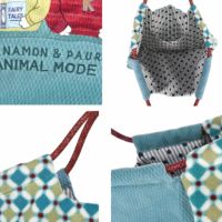 パウロとシナモンのあたたかなアップリケ。フリース生地はカラフルな幾何学模様のモザイクプリントとのコラボ。
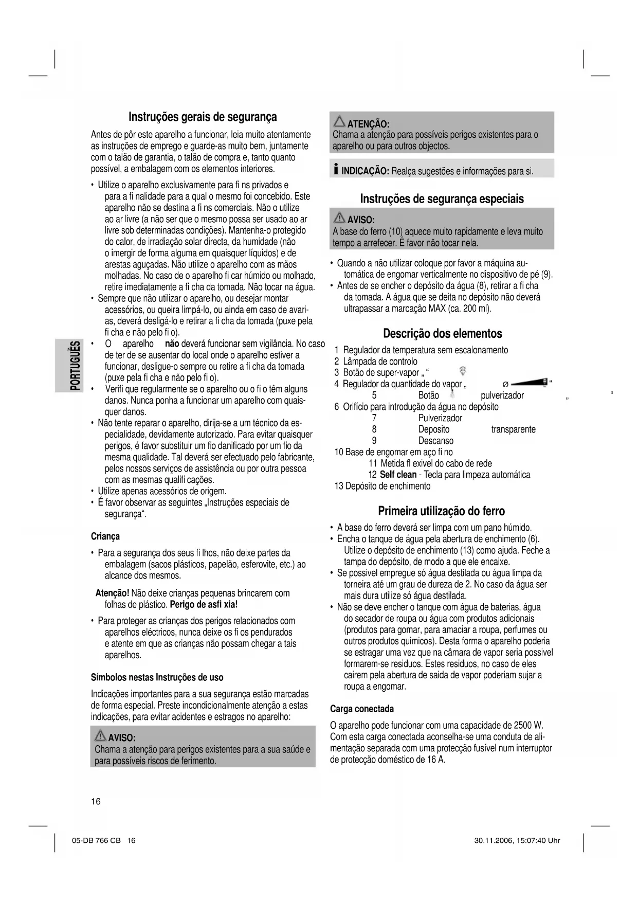 - Não se deve encher o tanque com água de baterias, água do secador de roupa ou água com produtos adicionais (produtos para gomar, para amaciar a roupa, perfumes ou outros produtos quimicos). Desta forma o aparelho poderia se estragar uma vez que na câmara de vapor seria possivel formarem-se residuos. Estes residuos, no caso de eles cairem pela abertura de saida de vapor poderiam sujar a roupa a engomar. Carga conectada O aparelho pode funcionar com uma capacidade de 2500 W. Com esta carga conectada aconselha-se uma conduta de ali- mentação separada com uma protecção fusível num interruptor de protecção doméstico de 16 A. 05-DB 766 CB 16 30.11.2006, 15:07:40 UhrPORTUGUÊS
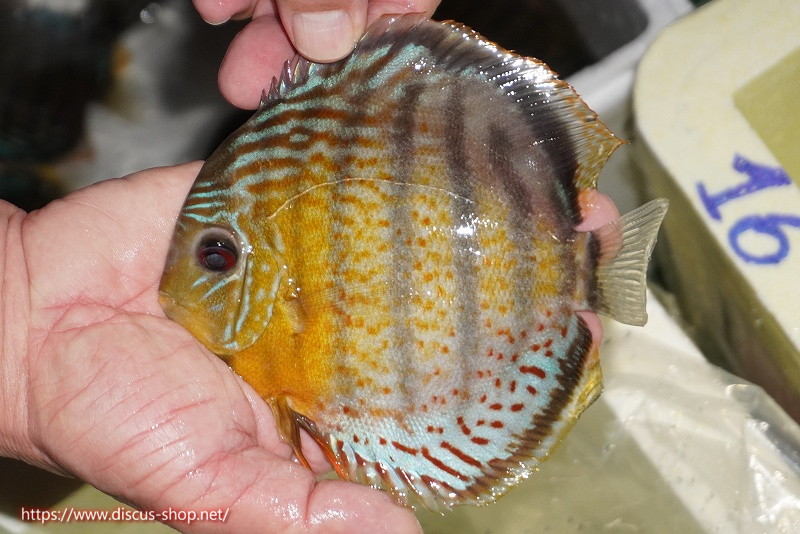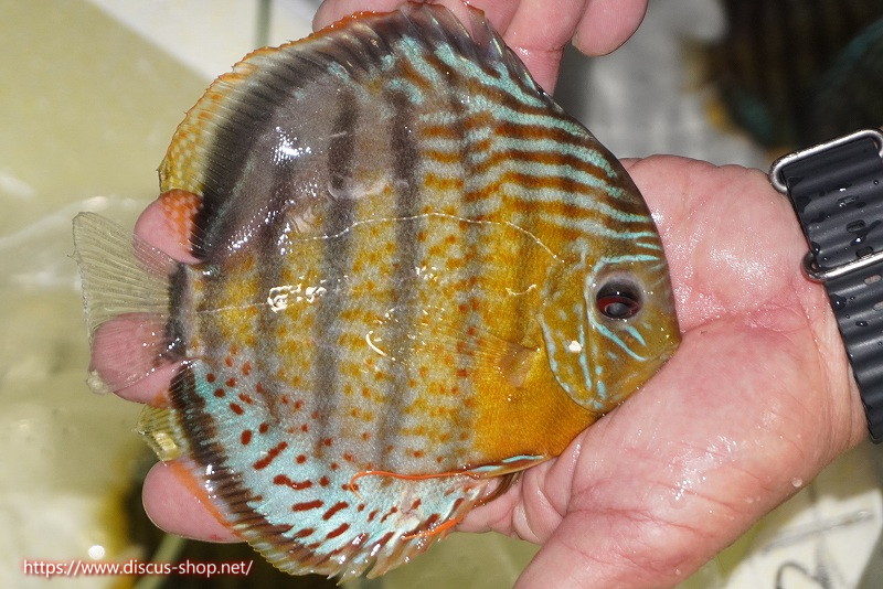 グリーンディスカスの中でも最もバリエーションが豊富でラージスポットタイプ、スポットラインタイプをはじめ、ロイヤルラインタイプなどの極上個体。またベースカラーの黄色、ホリゾンタルラインの青み、スポットの赤と最もカラフルな種となります。仕上がれば改良品種顔負けのど派手なパターンを持つ魅力的な産地の個体となります。
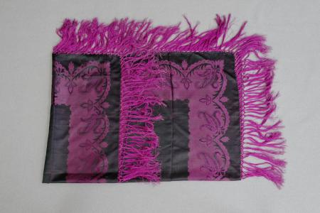 Sidensjal med svart botten och orientaliskt mönster i lila.
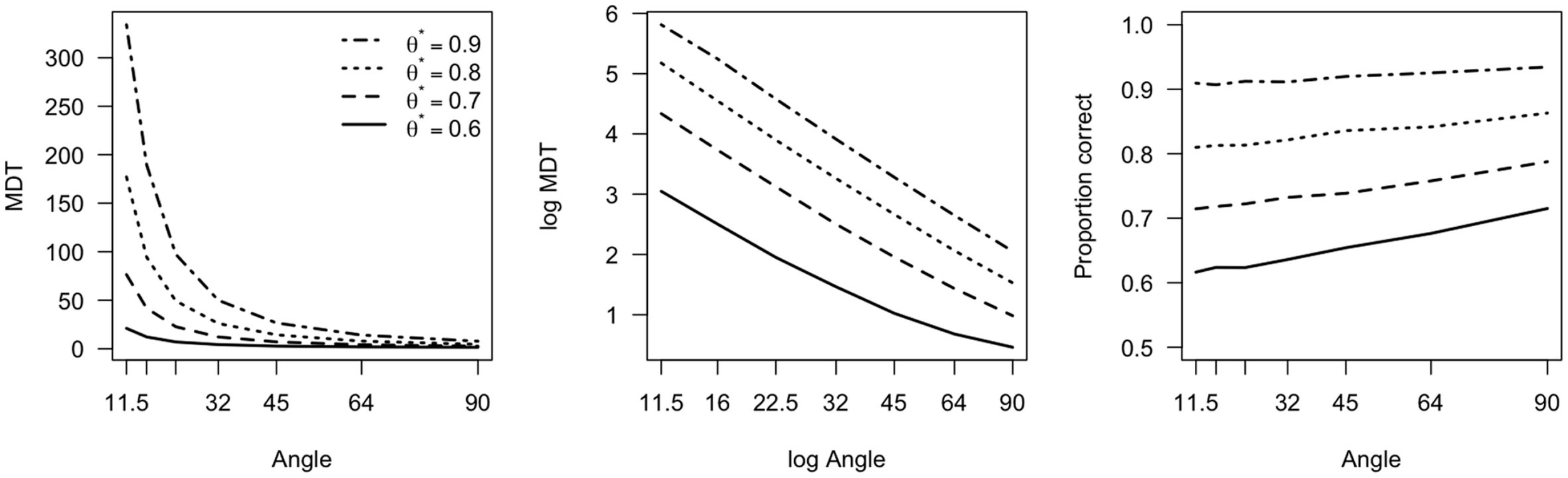 The results show that the power function was the best fitting model for all participants. Table 5 presents the goodness of fit for the exponential and power functions presented in Equations (3) and (2). The power function is consistently the better model, as indicated by the lower BIC values and higher correlations. Although the data of Participants 3 and 4 do not clearly distinguish between the models, the power function clearly is the better model for the remaining participants. In terms of the evidence ratio, the power function is 15 to 415 times more likely than the exponential function for these participants. This suggests that an increase in angular distance yields a power law decrease in MRT, and not an exponential law. The model comparison of the psychologically constrained models thus shows that behavior in 2AFC tasks is Piéron-like when the discriminability of choice alternatives is manipulated.
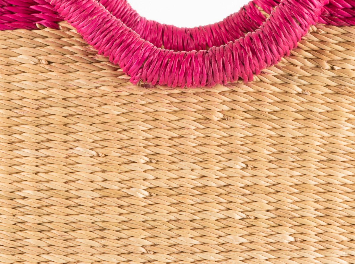 The very thing for picking up flowers at the local market and days out on holiday, the beautiful KANN bolga basket shopper is the perfect antidote to wasteful plastic shopping bags. With a bold pink rim against un-dyed grass, this woven basket will bring a shout of Ghanaian colour and style to your every day.
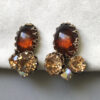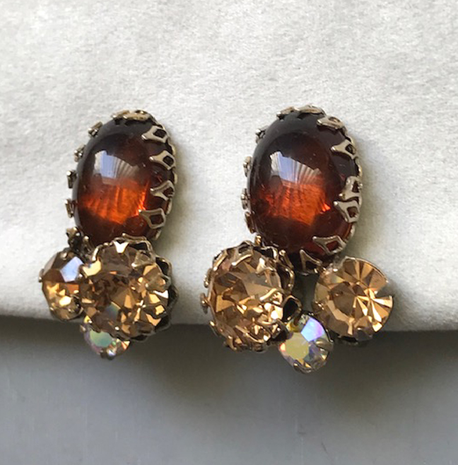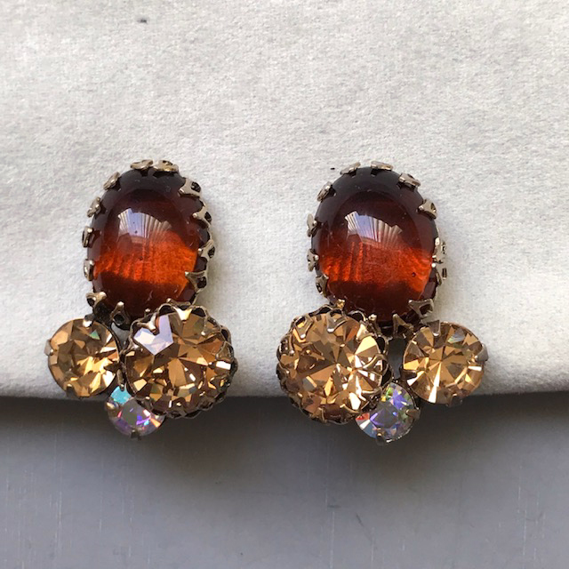 EARRINGS with caramel brown glass cabochons, tan rhinestones and aurora borealisProduct #39563 All items in excellent vintage condition unless otherwise noted.
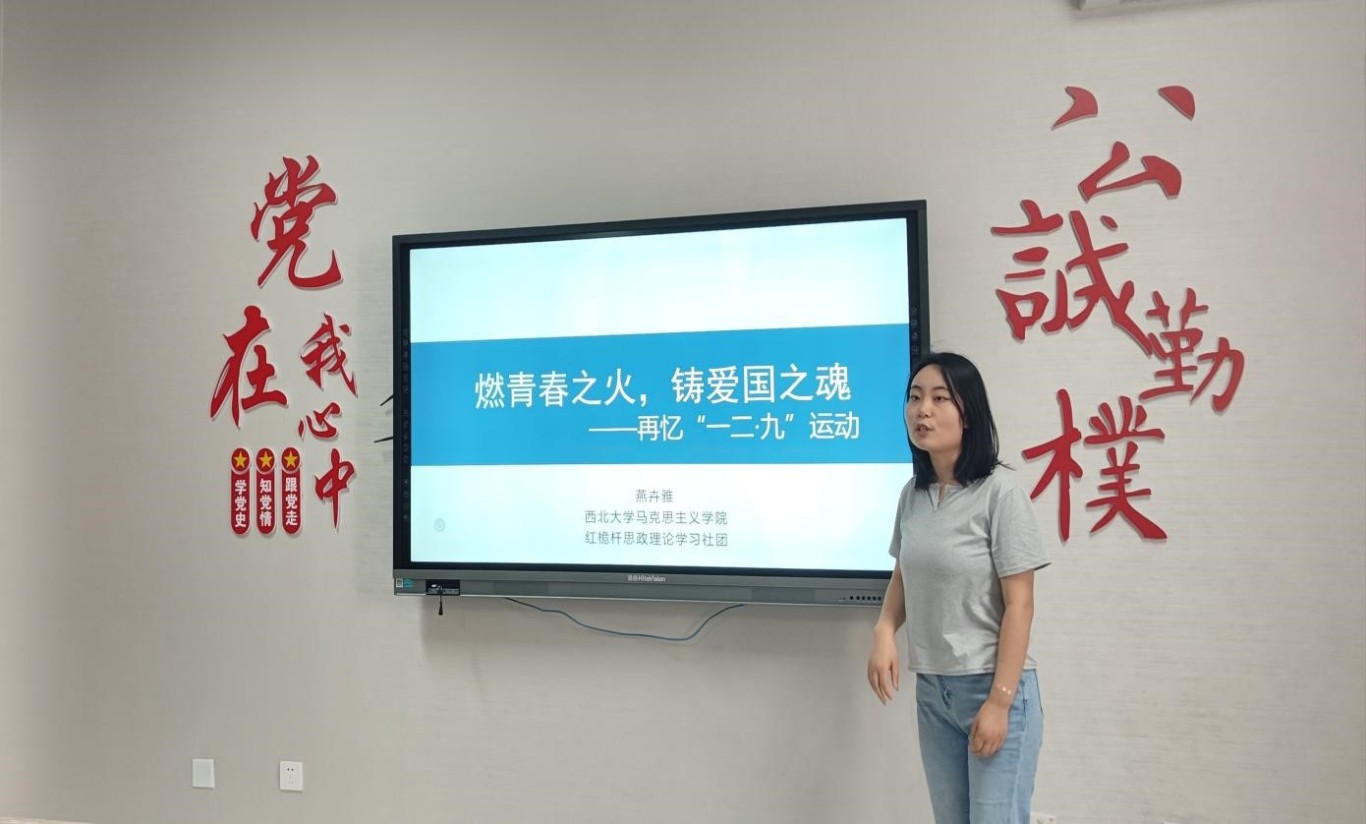 燕卉雅以《燃青春之火,铸爱国之魂—再忆“一二·九”运动》为题,向同学们详细讲述了“一二·九”运动的前因后果及重大意义,并简要回顾了党领导青年运动的光辉历程,号召同学们以民族复兴为己任,为全面建设社会主义现代化国家凝聚青春力量。
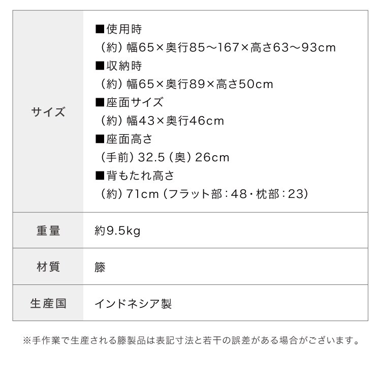 ※手作業で生産される籐製品は表記寸法と若干の誤差がある場合がございます。
* * * * * * * * *
■ **Exercise**: All lines from the one containing "燕卉雅以《燃青春之火,铸爱国" through the end of the entries, both ends included, should be written out exactly, with no pictures.

■ **Problem solution**:
 燕卉雅以《燃青春之火,铸爱国之魂—再忆“一二·九”运动》为题,向同学们详细讲述了“一二·九”运动的前因后果及重大意义,并简要回顾了党领导青年运动的光辉历程,号召同学们以民族复兴为己任,为全面建设社会主义现代化国家凝聚青春力量。
 ※手作業で生産される籐製品は表記寸法と若干の誤差がある場合がございます。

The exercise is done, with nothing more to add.